Падение доверия к "истеблишментным" СМИ вызвало возрождение интереса к независимым, андеграундным изданиям, в том числе к так называемым "зинам" (сокращение от fan magazine). Эти небольшие, самостоятельно издаваемые печатные издания выпускались членами различных сообществ и для них: художниками, активистами, людьми с нишевыми политическими убеждениями. 31 Одним из них было небольшое антивоенное издание, начатое в 1965 году, которое называло себя The Fifth Estate. Название было аллюзией на "Четвертую власть" - термин для обозначения института журналистики, уходящий корнями в британскую политическую теорию XVIII века. 32 Первые три сословия были представителями французского ancien régime: духовенство, аристократия и простолюдины. То, что пресса была четвертым сословием, отражало серьезность ее роли как независимой силы, способной призвать остальных к ответу. Когда американский народ 1960-х годов начал терять доверие к СМИ, фраза "Пятая власть" стала обозначать независимые голоса, которые могли бы призвать СМИ к ответу. Независимые издания, возникшие в противовес доминирующим нарративам о войне во Вьетнаме, были вызывающе децентрализованы в эпоху все более централизованных и контролируемых медиаструктур. В каком-то смысле они были вторым пришествием флюгшрифтенов - возвращением к нефильтрованному прошлому, которое стало популярным среди сообществ, которые начали чувствовать, что СМИ не отражают их понимания реальности. Однако, как и памфлеты-предшественники, они обращались к нишевой аудитории, привлекая гораздо меньше внимания, чем официальные повествования, представленные в основных печатных и вещательных СМИ или на пресс-конференциях.
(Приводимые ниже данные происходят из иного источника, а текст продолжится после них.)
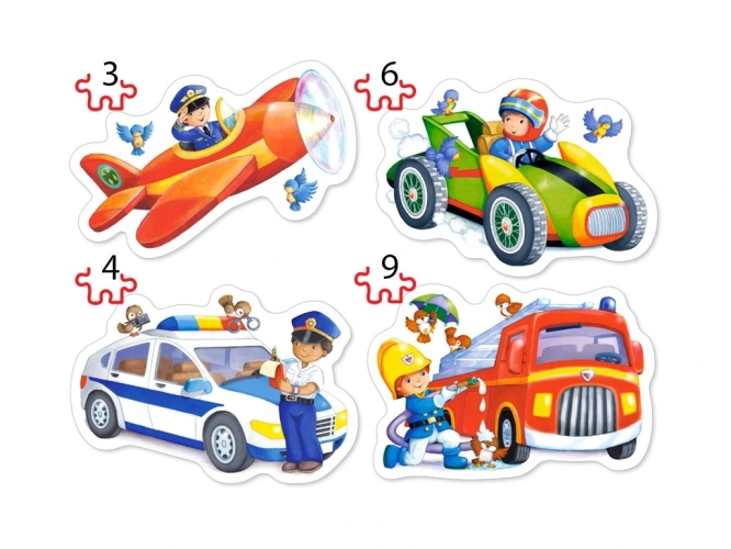 Puzzle Castorland se skládají ze 4 obrysových obrázků s odlišným počtem dílků - 3, 4, 6, 9 ks, které do sebe přesně zapadají. Po spojení všech dílků získáte požadovaný obrázek. Dílky jsou z tvrdého, pevného, kvalitního materiálu. Puzzle rozvíjí kreativní a logické myšlení.
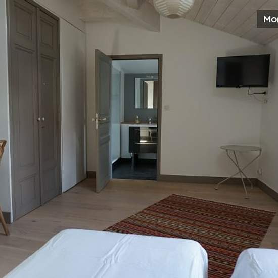 Located in a former wine-growing building, "Le Pressoir" is a 109 m2 flat on 2 levels. You will have access to the whole flat and will have an entrance and private parking as well as a reserved space in the garden. On the garden level, you will find a large living room of 50 m2 with an integrated kitchen: sofa for 3 to 4 people, HD TV, dining table for 6 people, armchairs... induction hobs, oven, microwave oven, fridge-freezer, dishwasher, Nespresso coffee machine, electric kettle, toaster, washing machine with dryer... Upstairs, 2 bedrooms ...
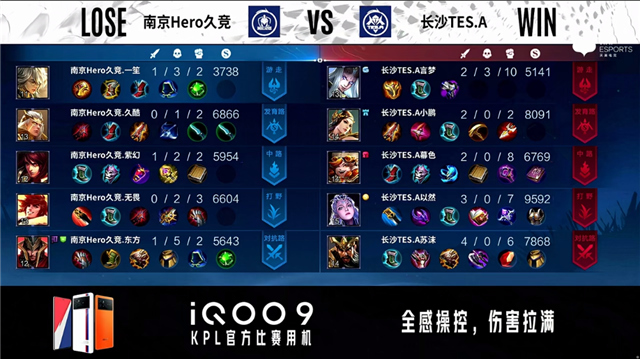 1分钟,上路团,双方1换1。2分09秒,南京Hero久竞控下暴君。2分20秒,长沙TES.A下路击杀大乔。4分14秒,南京Hero久竞控下先知主宰。7分14秒,南京Hero久竞控下暴君并破掉长沙TES.A下一塔,随后长沙TES.A控下南京Hero久竞上一塔。10分06秒,南京Hero久竞橘右京中路击杀嬴政。10分34秒,南京Hero久竞控下暗影主宰。10分50秒,南京Hero久竞破掉长沙TES.A中一塔。12分12秒,南京Hero久竞破掉长沙TES.A中一塔。13分钟,南京Hero久竞控下暗影暴君。13分45秒,下路团,南京Hero久竞打出2换3。14分52秒,南京Hero久竞控下暗影主宰。15分27秒,南京Hero久竞上路击杀张飞。15分43秒,南京Hero久竞破掉长沙TES.A上高地。16分10秒,南京Hero久竞破掉长沙TES.A中高地。17分06秒,南京Hero久竞控下暗影暴君。18分25秒,双方团,长沙TES.A打出1换2。19分07秒,长沙TES.A控下暗影主宰。20分40秒,双方团,长沙TES.A击杀虞姬后控下风暴龙王。21分30秒,长沙TES.A破掉南京Hero久竞中一塔。21分51秒,长沙TES.A破掉南京Hero久竞上二塔。23分13秒,南京Hero久竞强推掉长沙TES.A下高地。24分25秒,南京Hero久竞弈星抢到风暴龙王。25分26秒,高地团,长沙TES.A打出2换5团灭对手。26分16秒,长沙TES.A破掉南京Hero久竞下高地。28分10秒,长沙TES.A控下风暴龙王。30分40秒,长沙TES.A破掉南京Hero久竞上高地。31分40秒,双方团,南京Hero久竞打出2换3。33分08秒,长沙TES.A控下风暴龙王。34分47秒,长沙TES.A破掉南京Hero久竞中高地。34分49秒,长沙TES.A下路击杀橘右京。36分32秒,长沙TES.A控下风暴龙王。37分51秒,长沙TES.A边团边拆摧毁南京Hero久竞水晶先下一城。
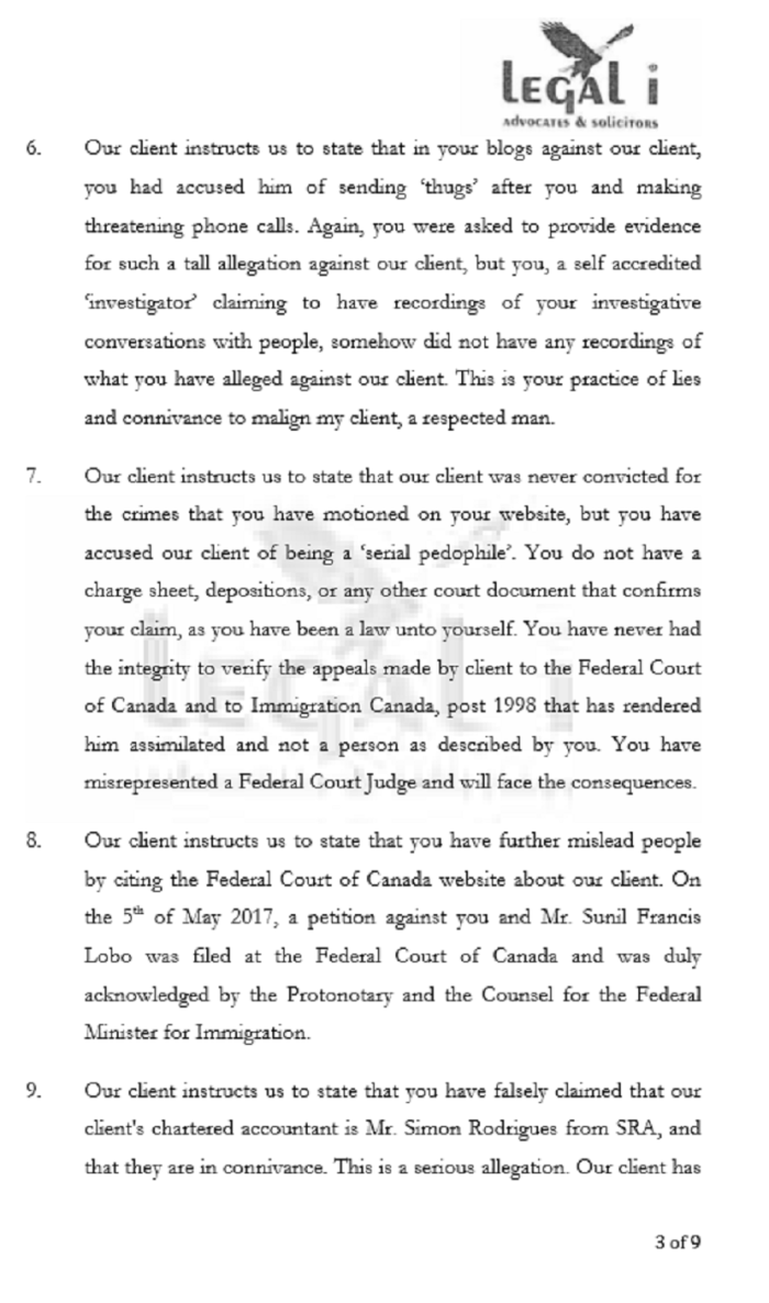 On the same day, June 8, Dixon also sent an eight page nineteen point notice to my “associate” Francis Lobo. He demands Rs 75 lakhs (7.5 million) in damages from him.
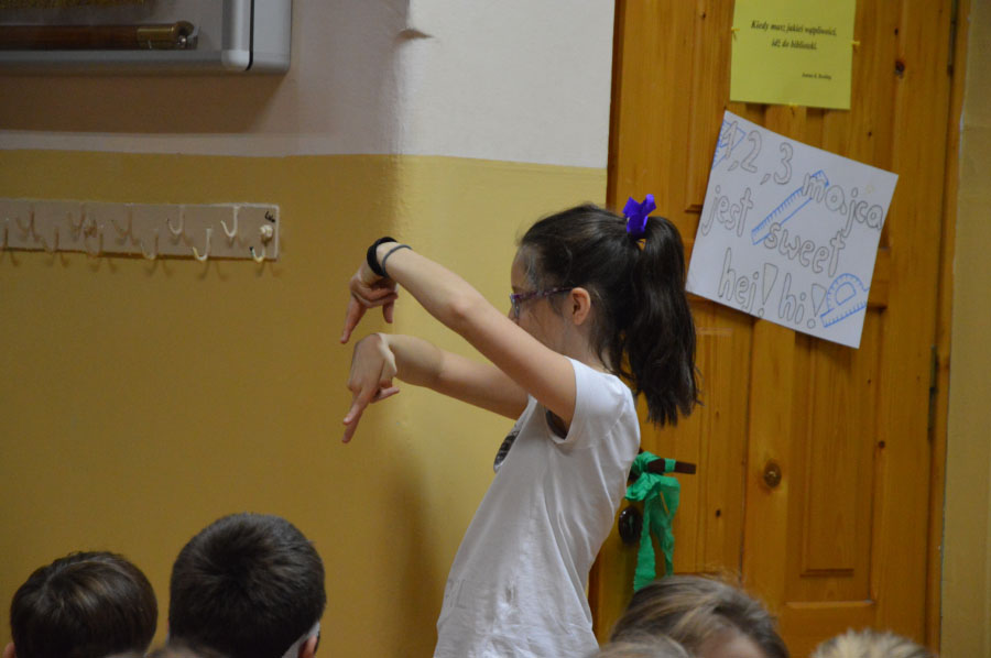 Na początku spotkania uczniowie klasy V: Weronika Płatek, Jakub Wojtal oraz Wiktoria Kolawa zaprezentowali zadania, które zostały zrealizowane podczas trwania projektu.
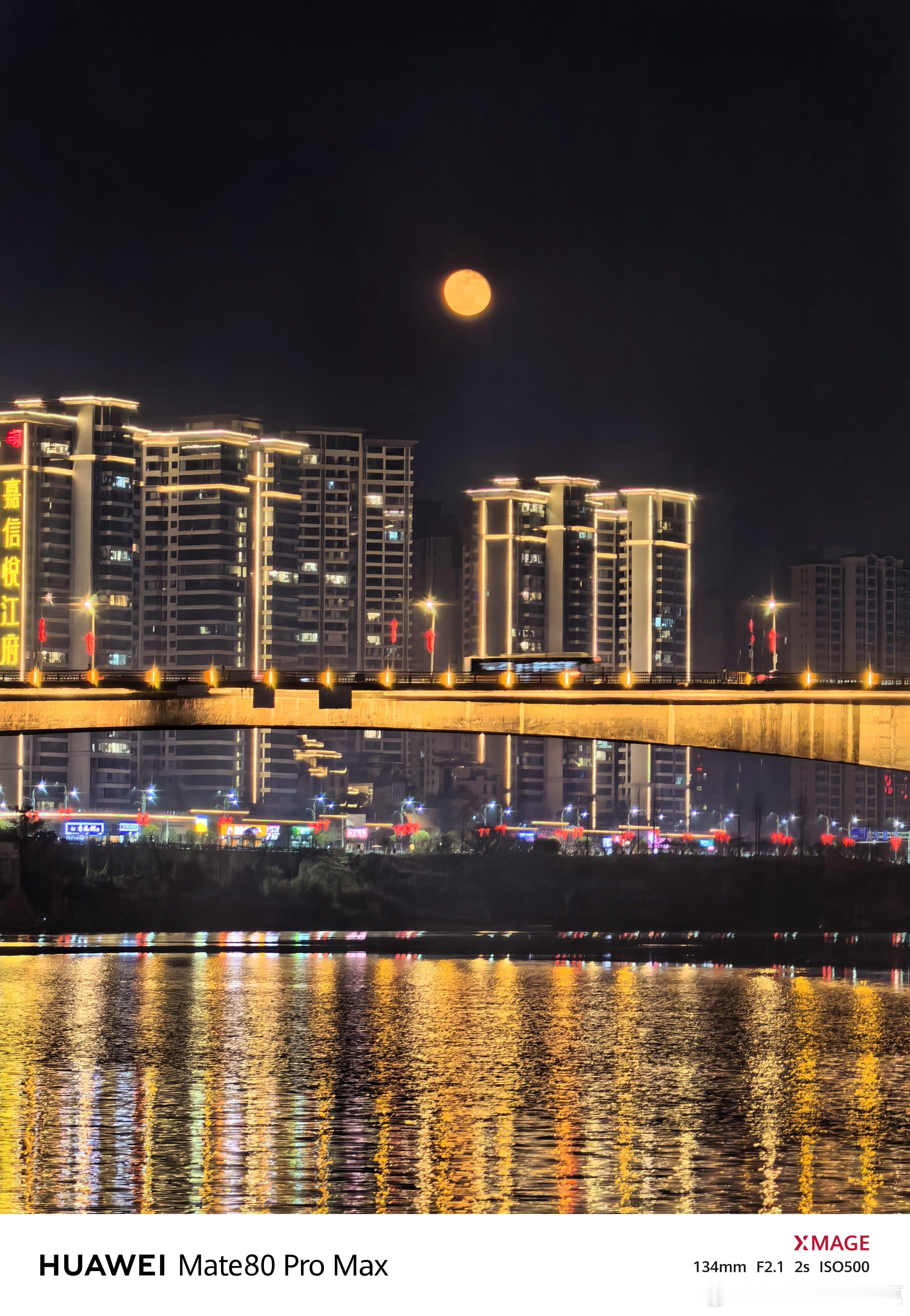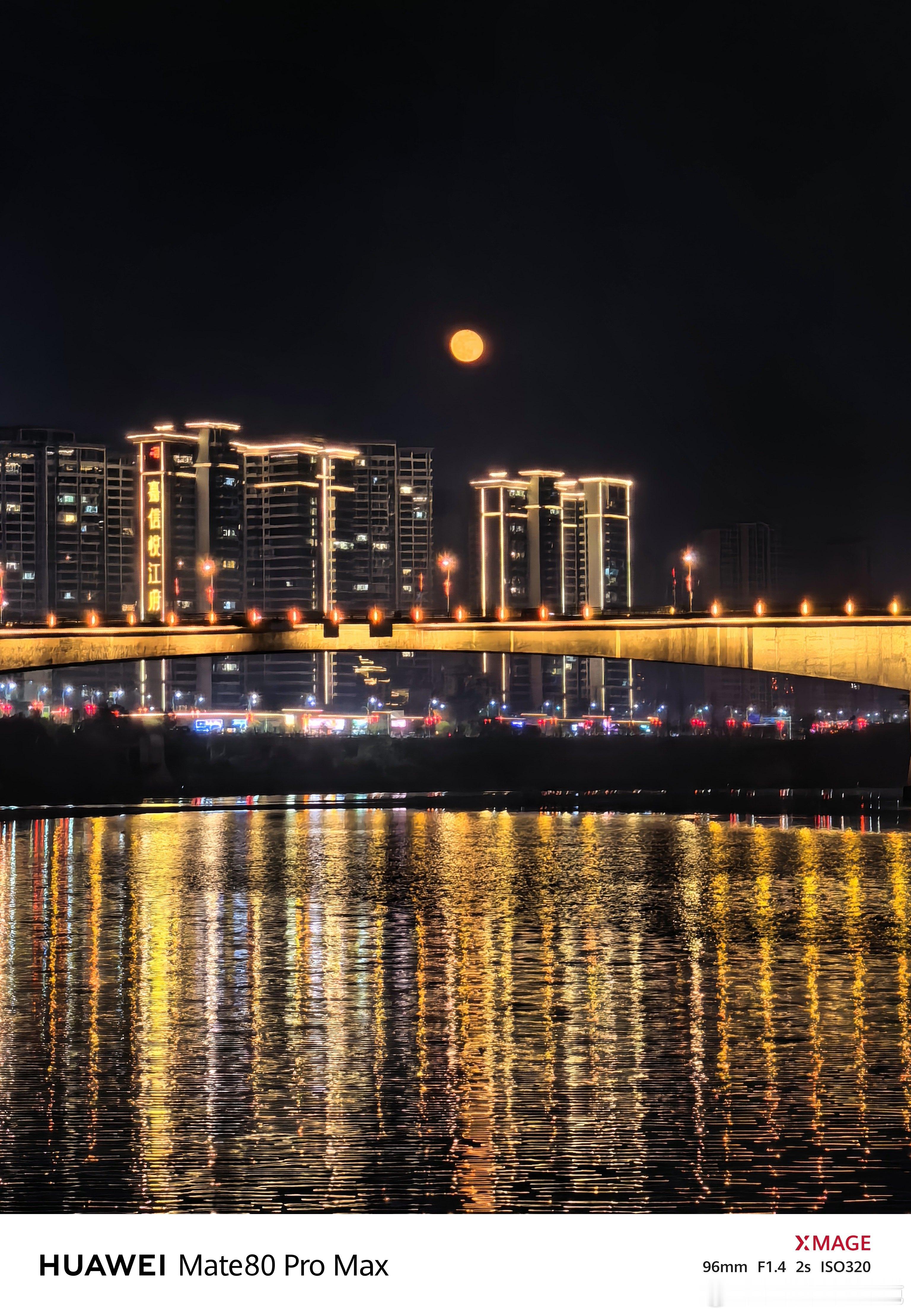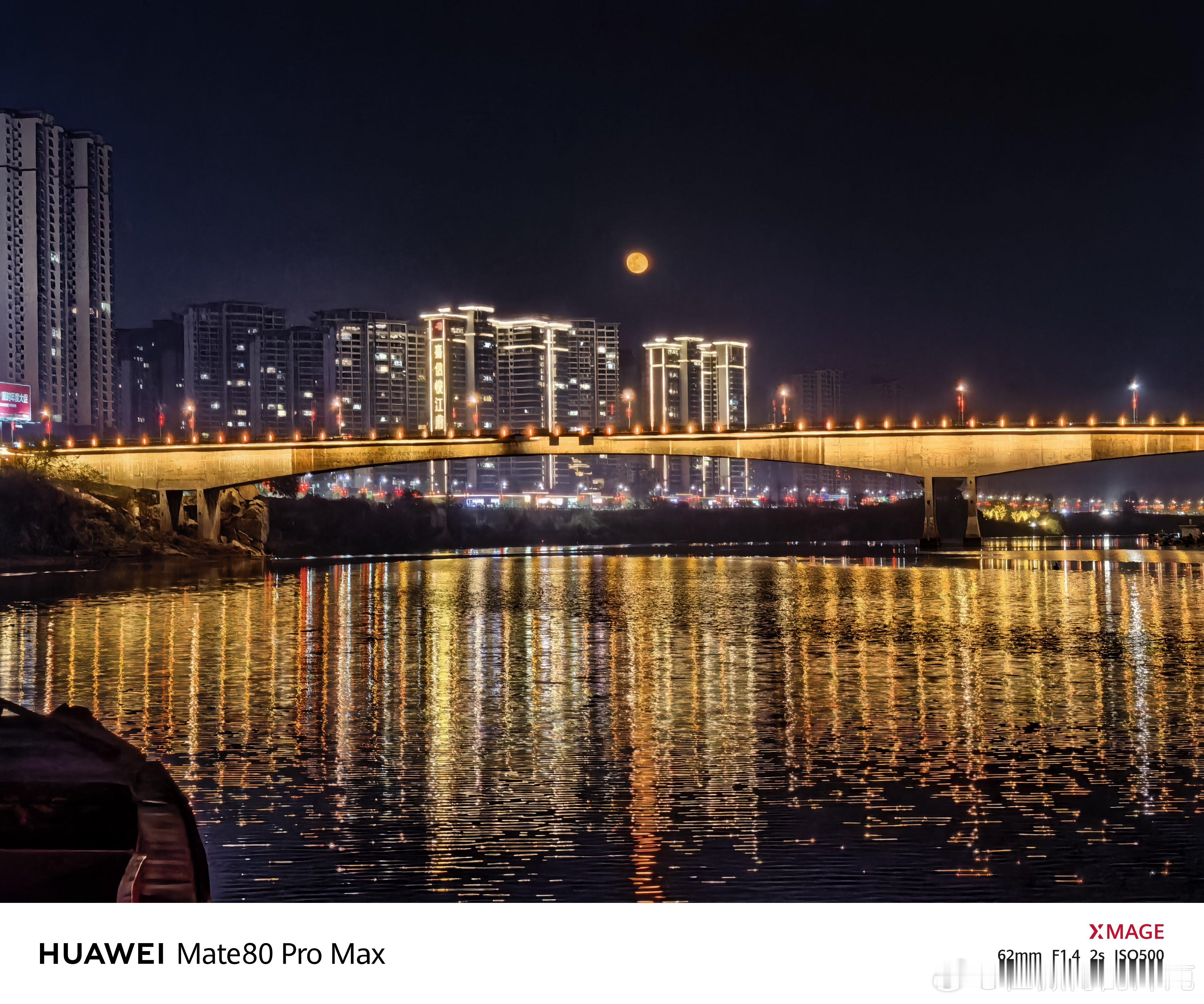 在河边拍照,今天是橙色月亮,又大又圆,献丑了。
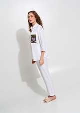 A white shirt crafted in a comfortable and soft fabric, with playful embroidery.
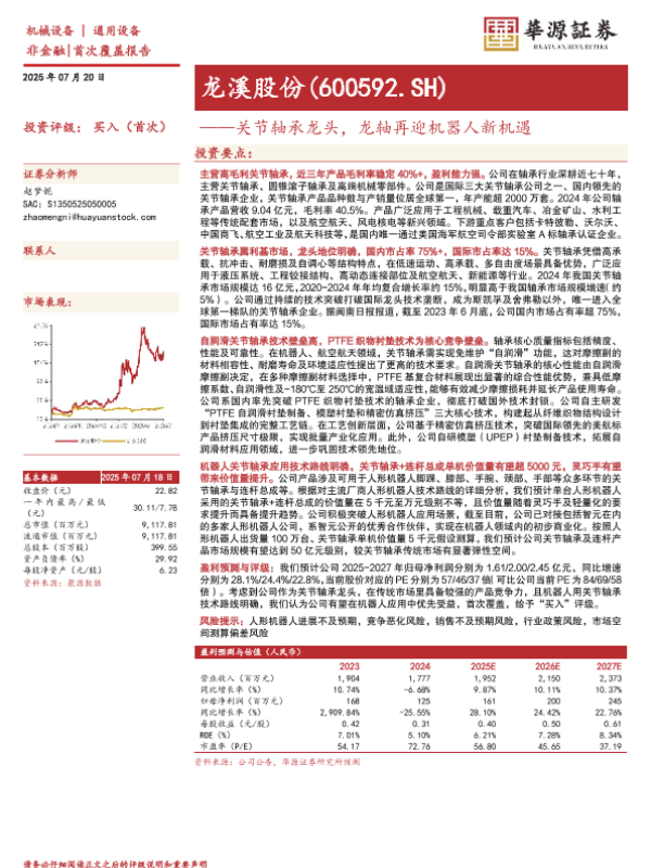 【华源证券】【20250720】龙溪股份(600592)关节轴承龙头,龙轴再迎机器人新机遇-44页 证券期货研究报告
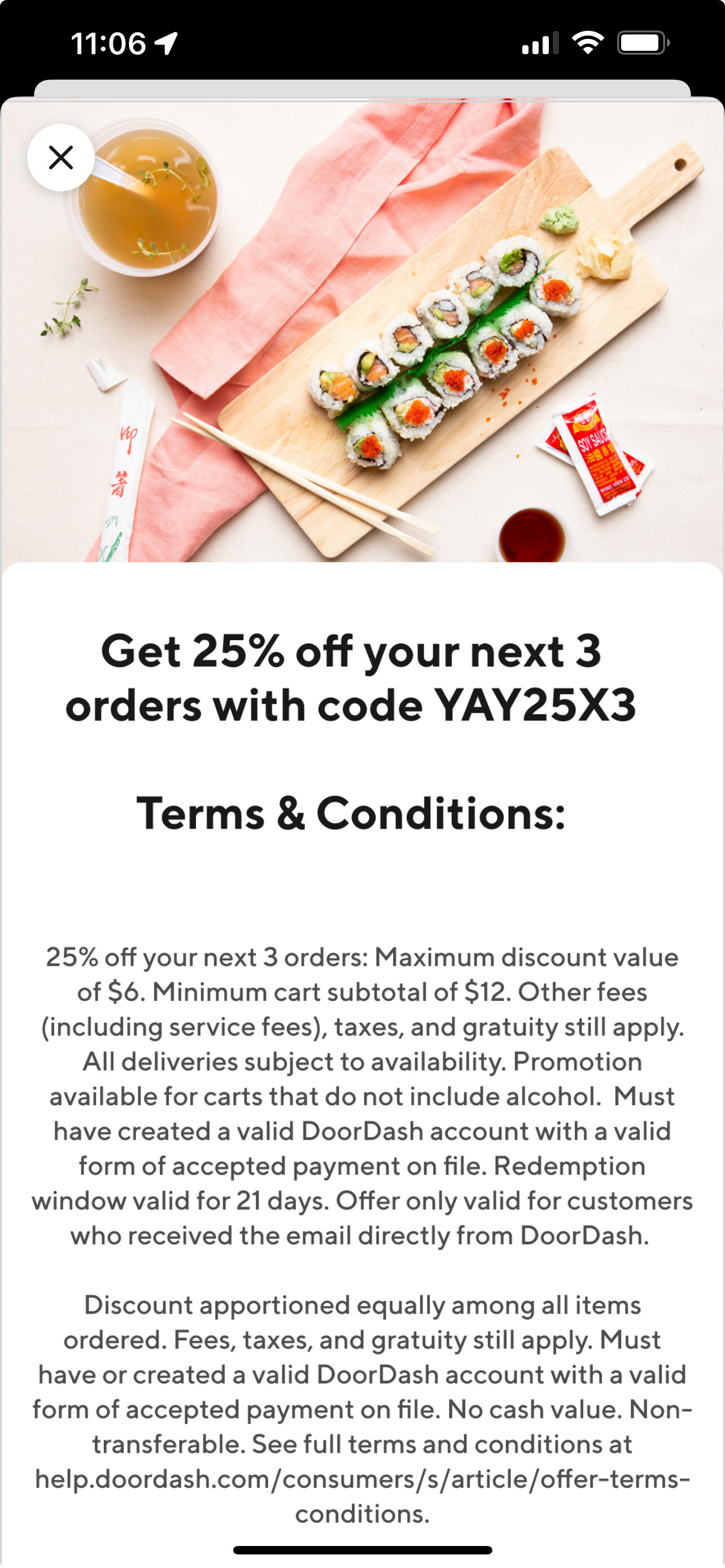 新codes, 50DELISH for 50% off three orders $12+ until 5/1/24, 50OFFDASH for 50% off your order. Valid for two orders, minimum $12 order, maximum $10 discount.
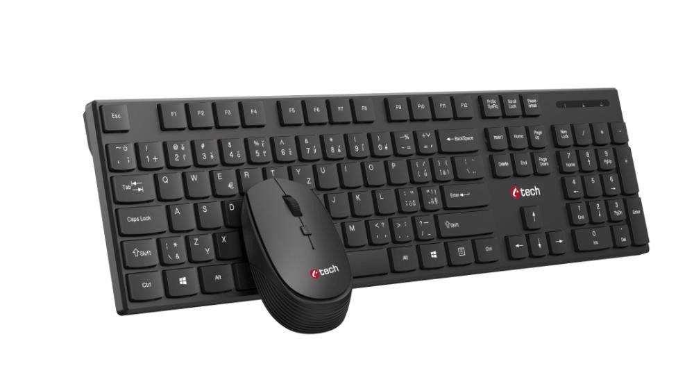 Bezdrátový set klávesnice a myši C-TECH WLKMC-03 přináší pohodlí a svobodu pohybu bez rušivých kabelů. Díky spolehlivé 2,4GHz bezdrátové technologii získáte stabilní a rychlé připojení s dosahem až 10 metrů, což zajišťuje plynulou práci bez výpadků. Stačí připojit kompaktní USB-A přijímač do portu vašeho počítače a můžete ihned začít pracovat – není potřeba žádná složitá instalace díky technologii Plug & Play.
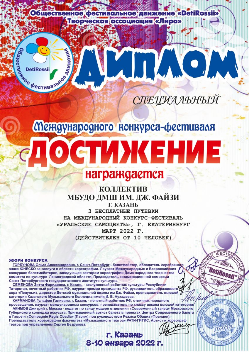 - Специальный диплом международного конкурса-фестиваля "Достижение" на коллектив - 3 бесплатные путевки на международный конкурс-фестиваль "Город мастеров" г. Екатеринбург осень 2023 г.
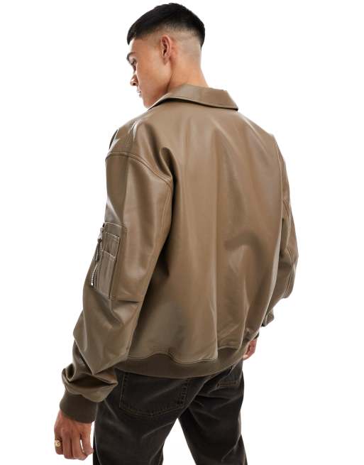 ASOS DESIGN oversized faux leather bomber jacket in brown ASOS Very well made.
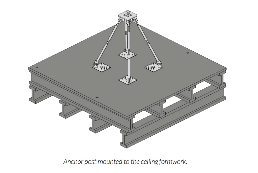 The SQ10 anchor post is designed to be mounted to horizontal formwork boards (wooden) of wooden ceiling formworks. SQ10 meets the requirements of EN 795:2012 type A for the simultaneous use by 2 persons. The unique design of the post also provides an Energy absorbing function to protect the worker and to help avoid damage to the formwork structure.

Укоренившаяся власть средств массовой информации, их огромный охват и способность формировать мнение на национальном уровне, а также их роль в "производстве согласия" управляемых стали темой основополагающей работы Ноама Чомски и Эдварда Хермана "Manufacturing Consent" 1988 года. В отличие от Липпмана и Бернейса с их более радужным взглядом на пропаганду, они утверждали, что система стимулов, присущая экосистеме СМИ, искажает информацию в угоду СМИ и правящей элите, а не общественным интересам. В то время как программы официальных государственных СМИ были очевидны, пропаганда, которая распространялась по основным, свободным каналам, была более коварной, поскольку общество не осознавало, что происходит.
Система, которую выявили Чомски и Херман, имела пять основных стимулов, или "фильтров", которые определяли ее результаты: право собственности, реклама, поиск источников, улавливание флага и идеологическая ортодоксальность (в то время антикоммунизм). Собственность в эпоху масс-медиа (до появления интернета) была дорогостоящим удовольствием: лицензионные платежи за вещание, печатные станки, студийное оборудование. В результате небольшой и богатый анклав стал владельцем экосистемы. Они были заинтересованы в том, чтобы не нарушать свои другие инвестиции и связи. (Разве владелец газеты, владеющий значительным пакетом акций фармацевтической компании, позволил бы писать об опасных побочных эффектах нового лекарства?) Реклама была основной моделью финансирования СМИ, что побуждало их как угождать рекламодателям, так и привлекать ту аудиторию, которую они хотели охватить. (Если бы та же фармацевтическая компания была крупным рекламодателем, стал бы телеканал рисковать разгневать ее, освещая историю, в которой компания представлена негативно?)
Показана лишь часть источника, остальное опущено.